*** Block opens ***

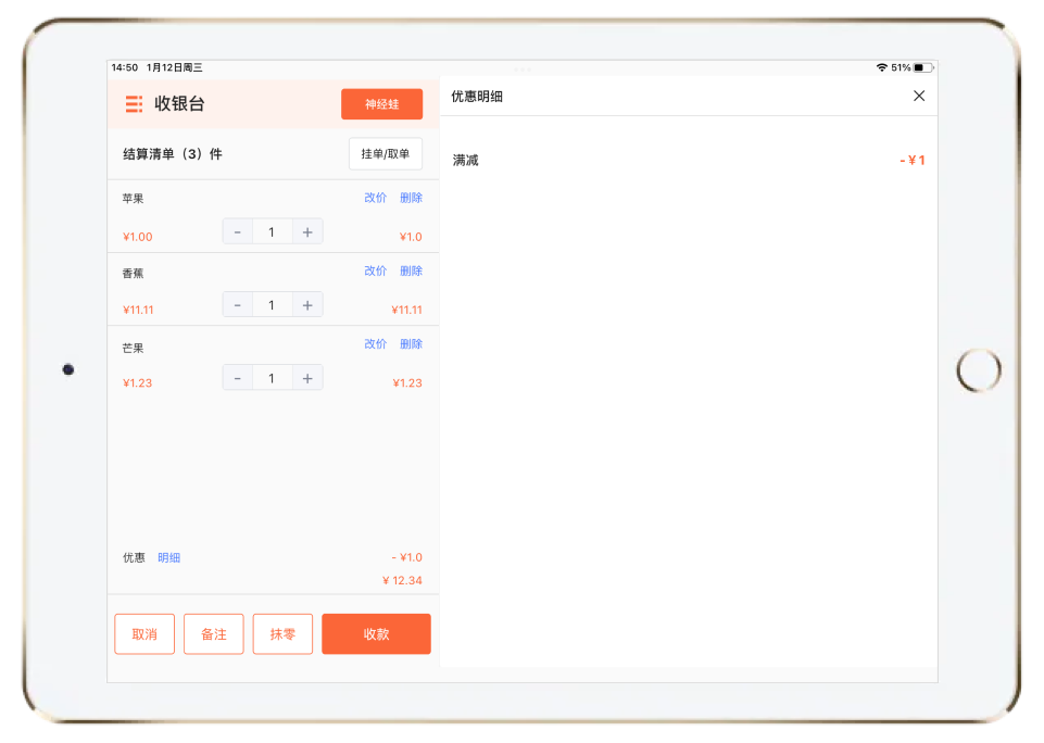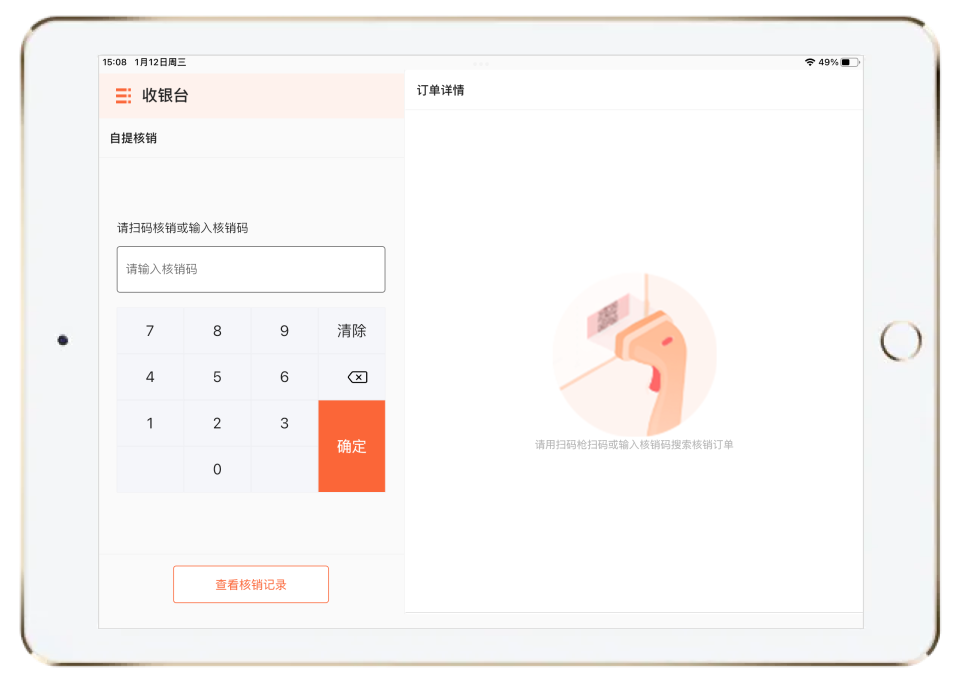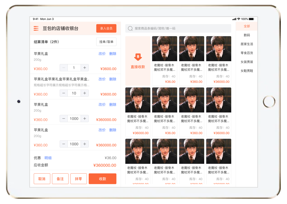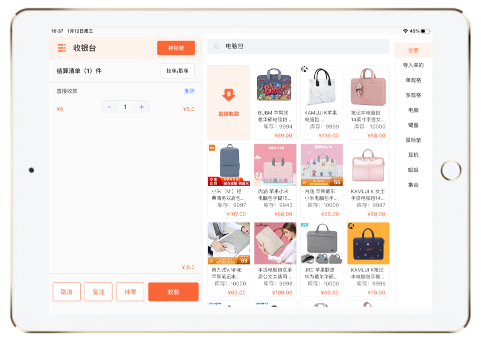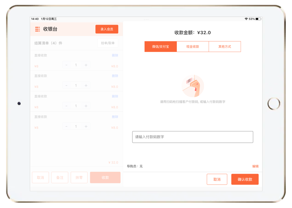 【5】结算时可以使用扫码枪扫描客户微信或支付宝付款码,以及余额支付、现金支付等支付方式。
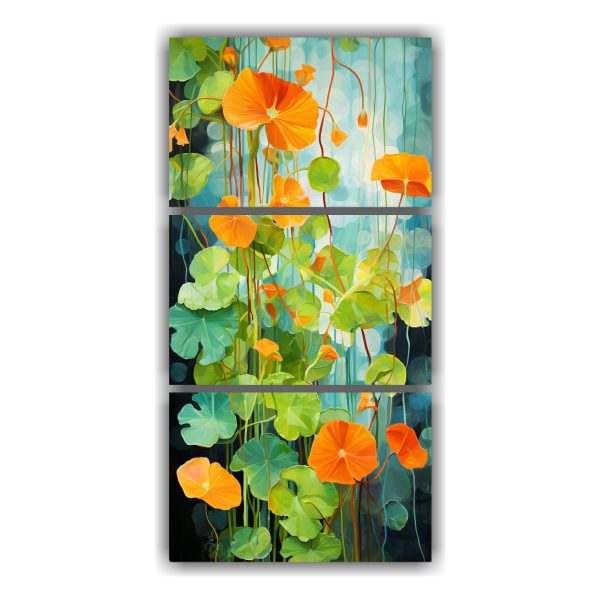 Exposición De Tres Cuadros Abstractos Detallados En Estilo Óleo De Hierbas Nasturtium
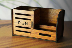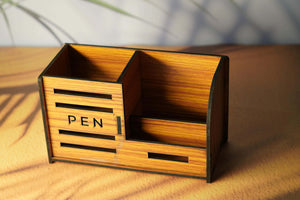 This beautifully crafted wooden pen stand is a perfect blend of style and functionality. With multiple compartments of varying sizes, it provides ample space to organize your pens, pencils, scissors, paper clips, and other desk essentials. The sleek design and rich wood finish add a touch of elegance to any workspace.
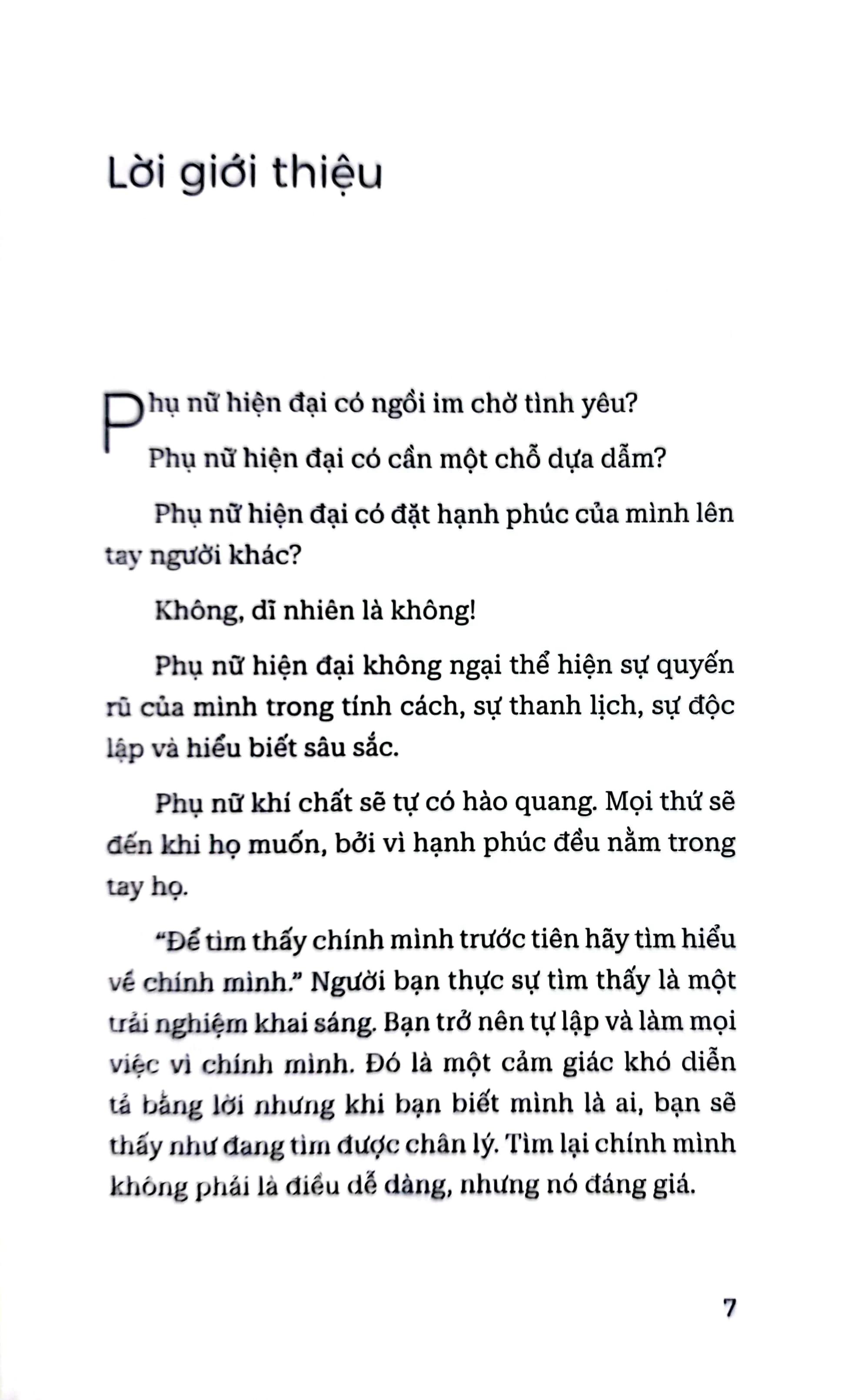Phụ Nữ Khí Chất Sẽ Tự Có Hào Quang (Sbooks) GIỚI THIỆU SÁCH: Phụ nữ hiện đại có ngồi im chờ tình yêu? Phụ nữ hiện đại có cần một chỗ dựa dẫm? Phụ nữ hiện đại có đặt hạnh phúc của mình lên tay người khác? Không, dĩ nhiên là không! Phụ nữ hiện đại không ngại thể hiện sự quyến rũ của mình trong tính cách, sự thanh lịch, sự độc lập và hiểu biết sâu sắc. Phụ nữ khí chất sẽ tự có hào quang. Mọi thứ sẽ đến khi họ muốn, bởi vì hạnh phúc đều nằm trong tay họ. "Để tìm thấy chính mình trước tiên hãy tìm hiểu về chính mình." Người bạn thực sự tìm thấy là một trải nghiệm khai sáng. Bạn trở nên tự lập và làm mọi việc vì chính bản thân mình. Đó là một cảm giác khó diễn tả bằng lời nhưng khi bạn chưa biết mình là ai thì thật khó để bỏ qua. Tìm lại chính mình không phải là điều dễ dàng, nhưng nó đáng giá. Còn nếu bạn chưa biết vẻ đẹp của chính mình, hãy đọc cuốn sách này. Với những bài viết được chắt lọc từ kinh nghiệm cá nhân, và tham khảo nhiều tài liệu hữu ích, tác giả đã đưa ra các luận điểm giúp cho các bạn nữ dễ dàng hơn trên hành trình tỏa sáng, tự nắm lấy khí chất của bản thân, và đạt được hào quang đời mình. Phụ nữ, bạn sẵn sàng chưa?
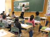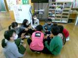 1年生は「国語科」の学習で、どんな形からどんな漢字ができたのかカードを見て予想...
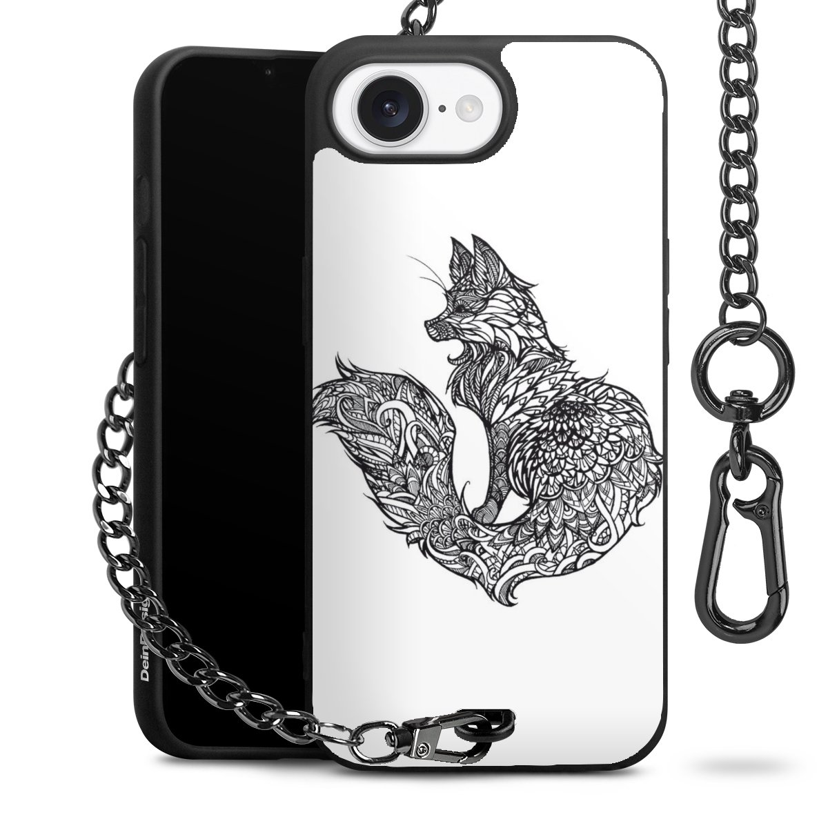 - Mattschwarze Handyhülle mit Metallkette
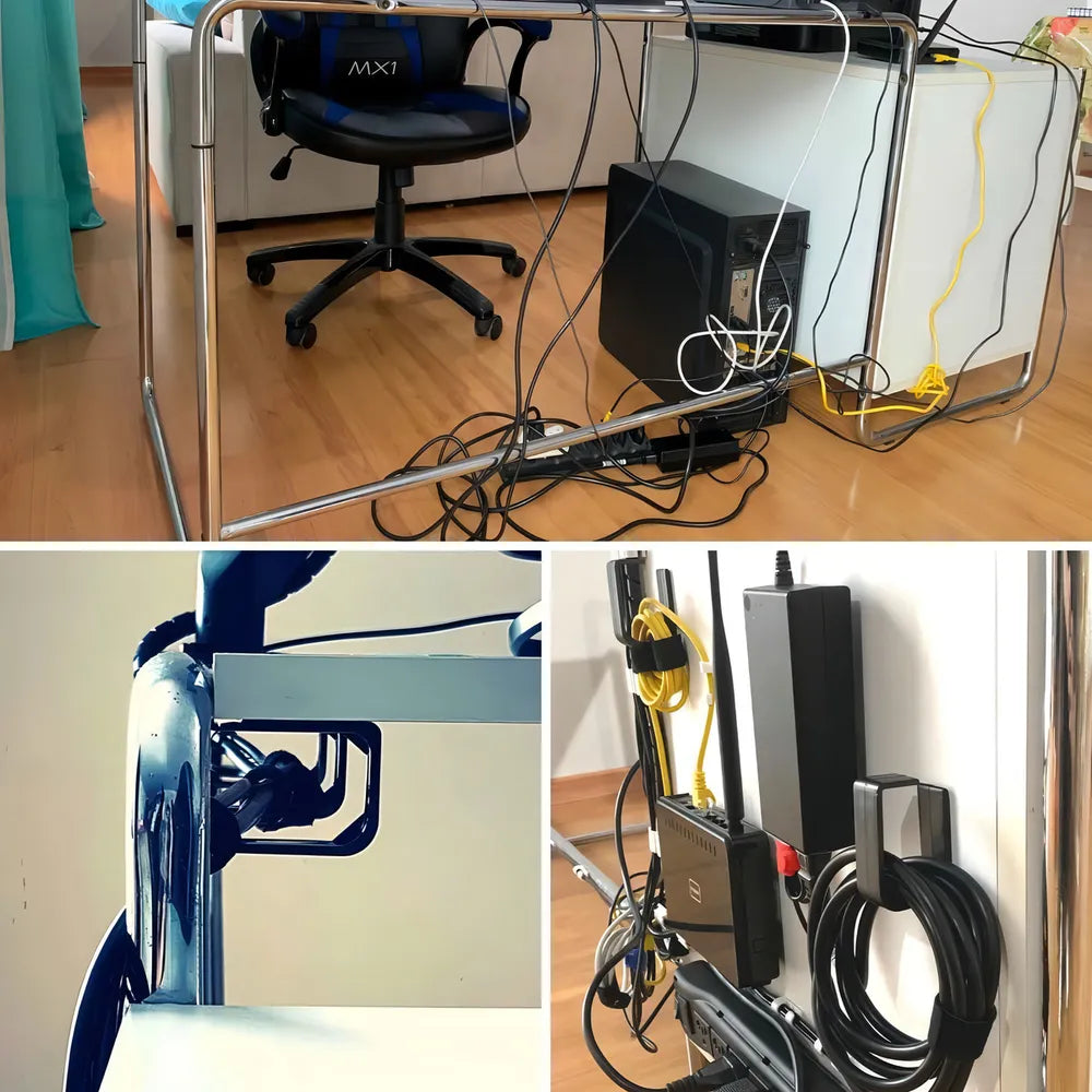 O Organizador de Fios e Cabos é fácil de instalar, com um design de gancho que permite uma instalação rápida e sem complicações. Seu diâmetro de 15 mm é perfeito para acomodar uma variedade de cabos, garantindo que todos os seus dispositivos estejam conectados sem a bagunça dos cabos.
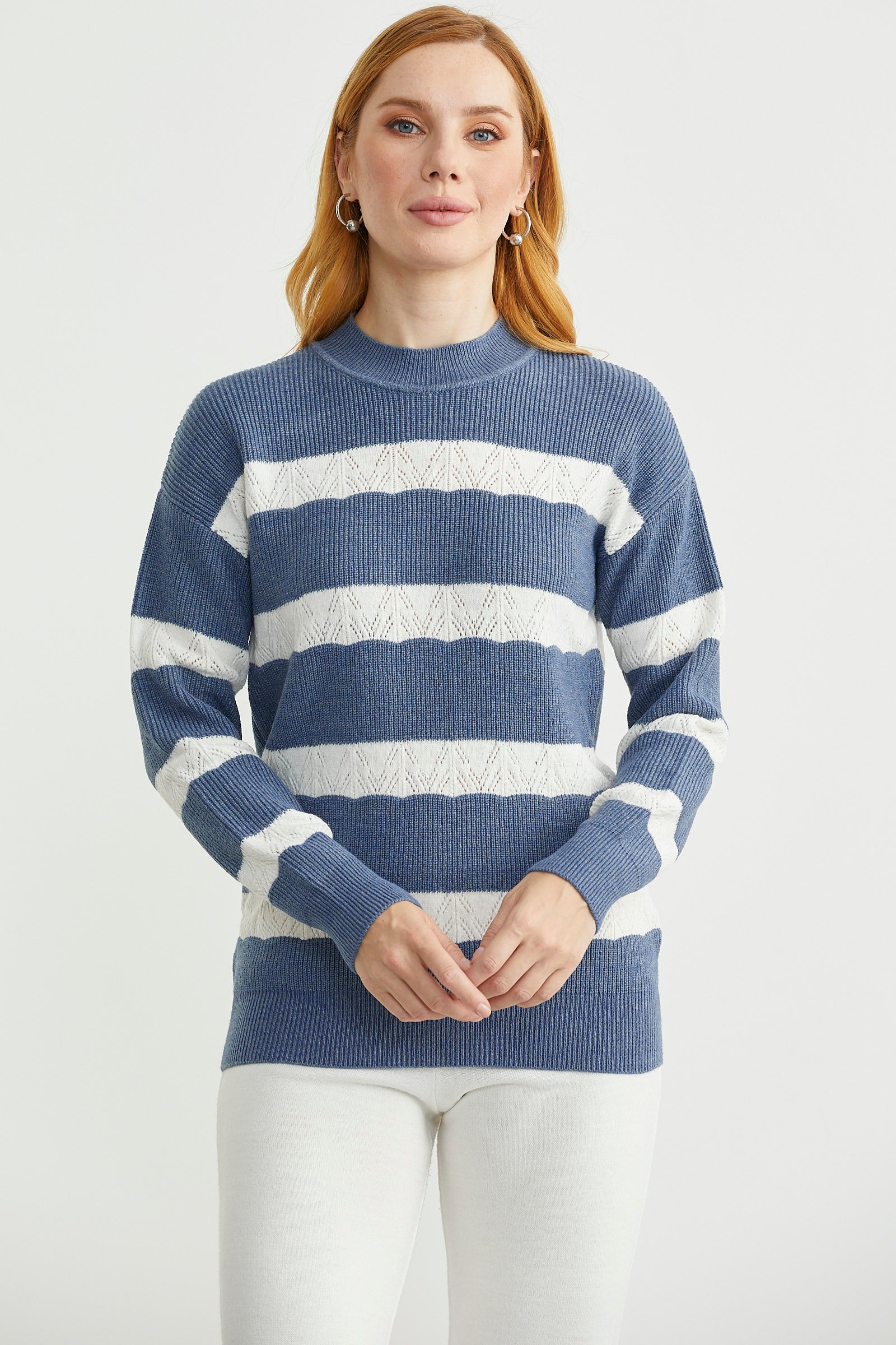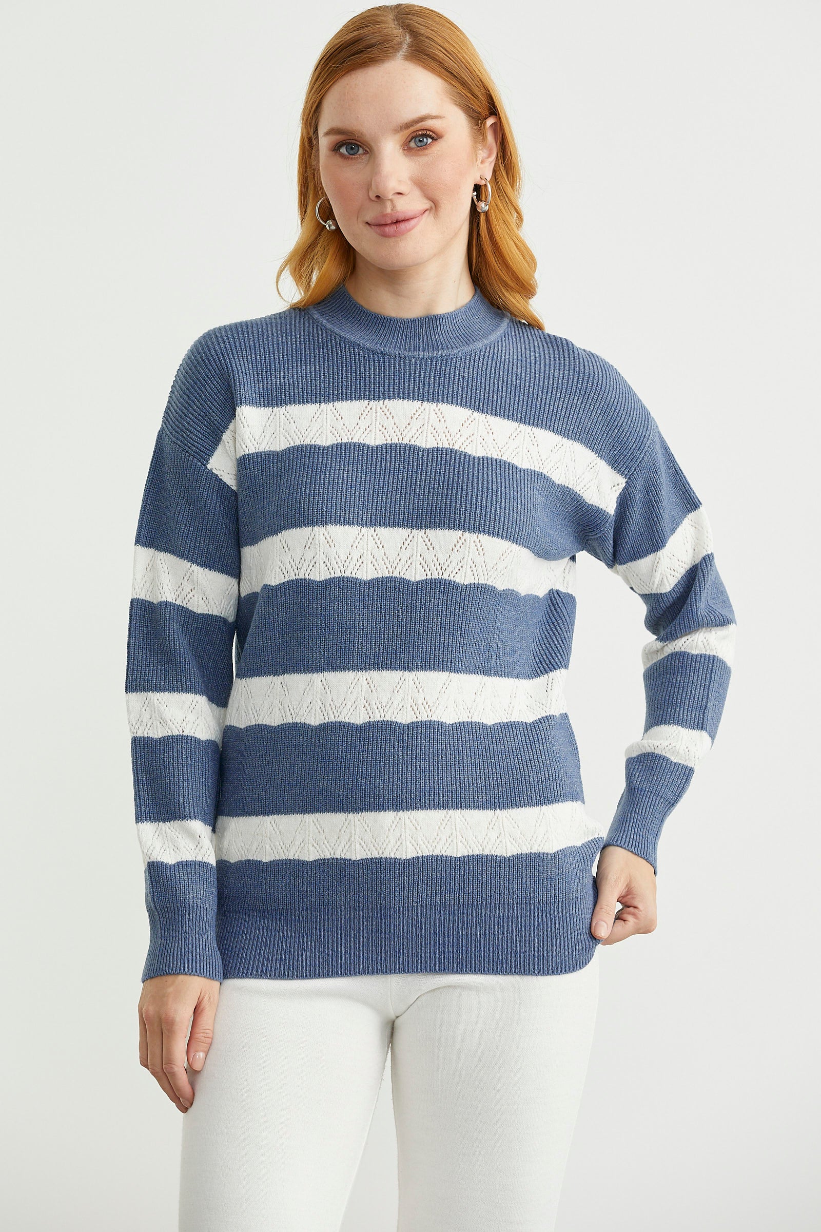 Yüksek yuvarlak yaka triko kazak, kontrast çizgili ve delik desenlidir.

*** Block closes ***

Retype the data above exactly. Do not carry over any images.

 【5】结算时可以使用扫码枪扫描客户微信或支付宝付款码,以及余额支付、现金支付等支付方式。
 Exposición De Tres Cuadros Abstractos Detallados En Estilo Óleo De Hierbas Nasturtium
 This beautifully crafted wooden pen stand is a perfect blend of style and functionality. With multiple compartments of varying sizes, it provides ample space to organize your pens, pencils, scissors, paper clips, and other desk essentials. The sleek design and rich wood finish add a touch of elegance to any workspace.
Phụ Nữ Khí Chất Sẽ Tự Có Hào Quang (Sbooks) GIỚI THIỆU SÁCH: Phụ nữ hiện đại có ngồi im chờ tình yêu? Phụ nữ hiện đại có cần một chỗ dựa dẫm? Phụ nữ hiện đại có đặt hạnh phúc của mình lên tay người khác? Không, dĩ nhiên là không! Phụ nữ hiện đại không ngại thể hiện sự quyến rũ của mình trong tính cách, sự thanh lịch, sự độc lập và hiểu biết sâu sắc. Phụ nữ khí chất sẽ tự có hào quang. Mọi thứ sẽ đến khi họ muốn, bởi vì hạnh phúc đều nằm trong tay họ. "Để tìm thấy chính mình trước tiên hãy tìm hiểu về chính mình." Người bạn thực sự tìm thấy là một trải nghiệm khai sáng. Bạn trở nên tự lập và làm mọi việc vì chính bản thân mình. Đó là một cảm giác khó diễn tả bằng lời nhưng khi bạn chưa biết mình là ai thì thật khó để bỏ qua. Tìm lại chính mình không phải là điều dễ dàng, nhưng nó đáng giá. Còn nếu bạn chưa biết vẻ đẹp của chính mình, hãy đọc cuốn sách này. Với những bài viết được chắt lọc từ kinh nghiệm cá nhân, và tham khảo nhiều tài liệu hữu ích, tác giả đã đưa ra các luận điểm giúp cho các bạn nữ dễ dàng hơn trên hành trình tỏa sáng, tự nắm lấy khí chất của bản thân, và đạt được hào quang đời mình. Phụ nữ, bạn sẵn sàng chưa?
 1年生は「国語科」の学習で、どんな形からどんな漢字ができたのかカードを見て予想...
 - Mattschwarze Handyhülle mit Metallkette
 O Organizador de Fios e Cabos é fácil de instalar, com um design de gancho que permite uma instalação rápida e sem complicações. Seu diâmetro de 15 mm é perfeito para acomodar uma variedade de cabos, garantindo que todos os seus dispositivos estejam conectados sem a bagunça dos cabos.
 Yüksek yuvarlak yaka triko kazak, kontrast çizgili ve delik desenlidir.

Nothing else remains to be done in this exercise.